10. A process for isomerizing one of the geometric isomers of an .alpha.,.beta.-unsaturated aldehyde to the corresponding other geometric isomer, which comprises heating an .alpha.,.beta.-unsaturated aldehyde selected from the group consisting of 2-methy-3-furyl-acrolein, 2-ethyl-3-furyl-acrolein, 2-propyl-furyl-acrolein, 3-methyl-4-furylidene-butyraldehyde and 5-(2-furyl)-3-methyl-2-pentenal, at a temperature of 30.degree. to 400.degree. C. in the presence of an inert organic solvent which dissolves the .alpha.,.beta.-unsaturated aldehyde or is miscible with the aldehyde, and in the presence of (1) a catalyst having a pKa of 1 to 7, which is soluble in the reaction system, selected from the group consisting of hydrofluoric acid, nitrous acid, chromic acid, selenic acid, telluric acid, hypophosphorous acid, phosphorous acid, phosphoric acid, a partial ester of one of said acids which are polybasic, an organic carboxylic acid of 1 to 10 carbon atoms, and a partial ester of one of said organic carboxylic acids which are polybasic, or (2) as catalyst, a cation-exchange resin having a carboxyl group as an acid site and having a pKa of 1 to 7.

11. The process of claim 10 wherein the catalyst is an acid having a pKa of 1.2 to 6.

12. The process of claim 10 wherein the isomerization temperature is 30.degree. to 350.degree. C.

13. The process of claim 10 wherein the isomerization temperature is 40.degree. to 300.degree. C.
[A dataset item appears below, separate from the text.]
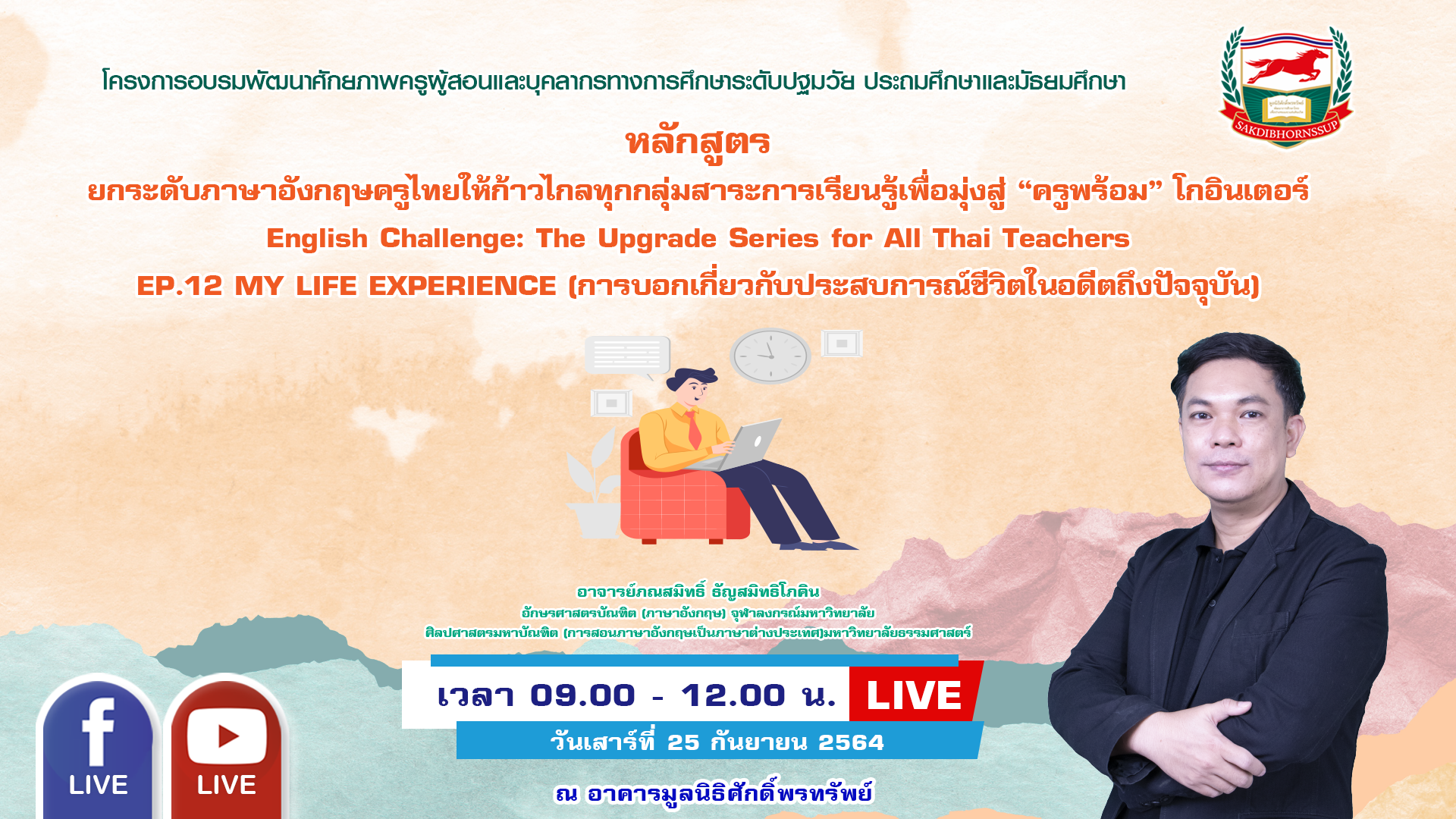 : ยกระดับภาษาอังกฤษครูไทยให้ก้าวไกลทุกกลุ่มสาระการเรียนรู้เพื่อมุ่งสู่ “ครูพร้อม” โกอินเตอร์ English Challenge: The Upgrade Series for All Thai Teachers EP.12 MY LIFE EXPERIENCE (การบอกเกี่ยวกับประสบการณ์ชีวิตในอดีตถึงปัจจุบัน)

14. The process of claim 10 wherein the isomerization temperature is 50.degree. to 250.degree. C.

15. The process of claim 10 wherein the inert solvent is an inert organic solvent containing 1 to 15 carbon atoms selected from the group consisting of aliphatic hydrocarbons, alicyclic hydrocarbons, aromatic hydrocarbons, alcohols and esters.
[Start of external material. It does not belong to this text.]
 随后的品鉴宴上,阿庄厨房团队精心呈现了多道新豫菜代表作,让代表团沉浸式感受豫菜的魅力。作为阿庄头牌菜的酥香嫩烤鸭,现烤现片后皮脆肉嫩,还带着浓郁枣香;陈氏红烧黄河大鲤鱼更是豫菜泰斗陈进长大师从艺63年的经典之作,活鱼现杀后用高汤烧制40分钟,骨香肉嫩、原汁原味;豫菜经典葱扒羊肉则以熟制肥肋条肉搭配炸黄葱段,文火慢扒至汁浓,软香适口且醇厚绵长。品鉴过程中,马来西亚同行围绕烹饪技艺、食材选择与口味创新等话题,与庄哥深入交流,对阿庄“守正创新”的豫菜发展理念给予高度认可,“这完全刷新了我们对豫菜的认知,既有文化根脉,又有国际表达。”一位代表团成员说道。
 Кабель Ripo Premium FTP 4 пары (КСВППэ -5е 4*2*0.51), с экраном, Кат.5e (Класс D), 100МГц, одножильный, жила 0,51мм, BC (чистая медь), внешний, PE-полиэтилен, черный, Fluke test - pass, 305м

16. The process of claim 10 wherein the catalyst is selected from the group consisting of the phosphorous acid, the partial ester of phosphorous acid, the phosphoric acid, the partial ester of phosphoric acid, the hypophosphorous acid, the organic carboxylic acid of 1 to 10 carbon atoms, the partial ester of one of said organic carboxylic acids which are polybasic, and the cation-exchange resin having a carboxyl group as an acid site.